In the solar cell encapsulation material containing silane-modified polyethylene, the content of silicon (Si) in its total mass is contained within the range of 8 ppm to 3500 ppm, particularly 10 ppm to 3000 ppm, and especially 50 to 2000 ppm, as the amount of polymerized silicon. desirable. In the case where the amount of polymerized silicon is included within this range, the adhesiveness with the upper transparent protective material, the back protective material or the solar cell element can be maintained satisfactorily, which is advantageous in terms of cost.

In addition, as in the present invention, a method of measuring a polymerization figures small, sealing material layer (solar cell-sealing material) only by heating to combustion polymerized silicon by painting (灰化) (polymerized Si) is in that is converted to SiO ₂ The ash was alkali fused, dissolved in pure water, and then fixed, and the amount of polymerized Si was determined by ICP emission spectrometry (ICP S8100 manufactured by Shimadzu Corporation). The method of doing is used.

Moreover, it is preferable that the melt flow rate (MFR) measured by 190 degreeC and a 2.16 kg load of a silane modified polyethylene is 0.5-10 g / 10min, and it is more preferable that it is 1-8 g / 10min. If MFR is in the said range, the moldability of the solar cell sealing material, and the adhesiveness between an upper transparent protective material and a back protective material are excellent.

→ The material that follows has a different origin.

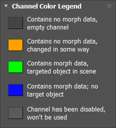 Toggles a channel on and off. Inactive channels do not affect the morph result. Use this control to turn off certain channels to focus on animating other channels.
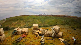 The siege ended on the third day in a dramatic and unusual way. The Southerners had discovered a quantity of hemp bales in a nearby warehouse and arranged these bales in a line on the west side of the Union entrenchments. They then began rolling the bales ever closer to the line of trenches. The panicked Federals unleashed their artillery into the moving breastwork, but their cannon balls had little effect on the dense bales. By early afternoon, the snakelike line of bales had advanced close enough to the Union trenches for a charge, and the defenders of that sector engaged in a brief but bloody hand-to-hand fight before being driven back into their entrenchments. By now, Mulligan and most of his officers were wounded and he realized that the time for surrender had come.

Moreover, it is preferable that melting | fusing point of a silane modified polyethylene is 120 degrees C or less. In the manufacture of the solar cell module using the solar cell sealing material, the said melting | fusing point is suitable in the said range from a viewpoint of workability. The measuring method of melting | fusing point is mentioned later.

As a crosslinking agent added to a silane modified polyethylene, For example, hydroperoxides, such as dicumyl peroxide, diisopropylbenzene hydroperoxide, 2, 5- dimethyl- 2, 5- di (hydroperoxy) hexane; Di-t-butylperoxide, t-butylcumylperoxide, 2,5-dimethyl-2,5-di (t-butylperoxy) hexane, 2,5-dimethyl-2,5-di (t-per Dialkyl peroxides such as oxy) hexin-3; Diacyl peroxides such as bis-3,5,5-trimethylhexanoyl peroxide, octanoyl peroxide, benzoyl peroxide, o-methylbenzoyl peroxide and 2,4-dichlorobenzoyl peroxide; t-butyl peroxy acetate, t-butyl peroxy-2-ethylhexanoate, t-butyl peroxy pivalate, t-butyl peroxy octoate, t-butyl peroxy isopropyl carbonate, t-butyl peroxy Benzoate, di-t-butylperoxyphthalate, 2,5-dimethyl-2,5-di (benzoylperoxy) hexane, 2,5-dimethyl-2,5-di (benzoylperoxy) hexin-3, and the like. Peroxy esters; Organic peroxides such as ketone peroxides such as methyl ethyl ketone peroxide and cyclohexanone peroxide, or azo compounds such as azobisisobutyronitrile and azobis (2,4-dimethylvaleronitrile). have.

It is preferable that the usage-amount of a crosslinking agent is contained 0.01 mass% or more with respect to the total amount of an ethylenic unsaturated silane compound and polyethylene at the time of manufacture of the said silane modified polyethylene. When the amount of the crosslinking agent is 0.01% by mass or more, graft polymerization of the ethylenically unsaturated silane compound and polyethylene proceeds well.

In this invention, it is preferable that the solar cell sealing material is a mixture which has a silane modified polyethylene and the unmodified polyethylene which dilutes it. As unmodified polyethylene for dilution, the same polyethylene as what was listed as polyethylene for superposition | polymerization to perform graft-polymerization mentioned above is mentioned. Furthermore, it is preferable that the polyethylene for dilution in this invention is resin of the same kind as the polyethylene for graft superposition | polymerization used when manufacturing the base polymer of silane modified polyethylene, ie, a silane modified polyethylene.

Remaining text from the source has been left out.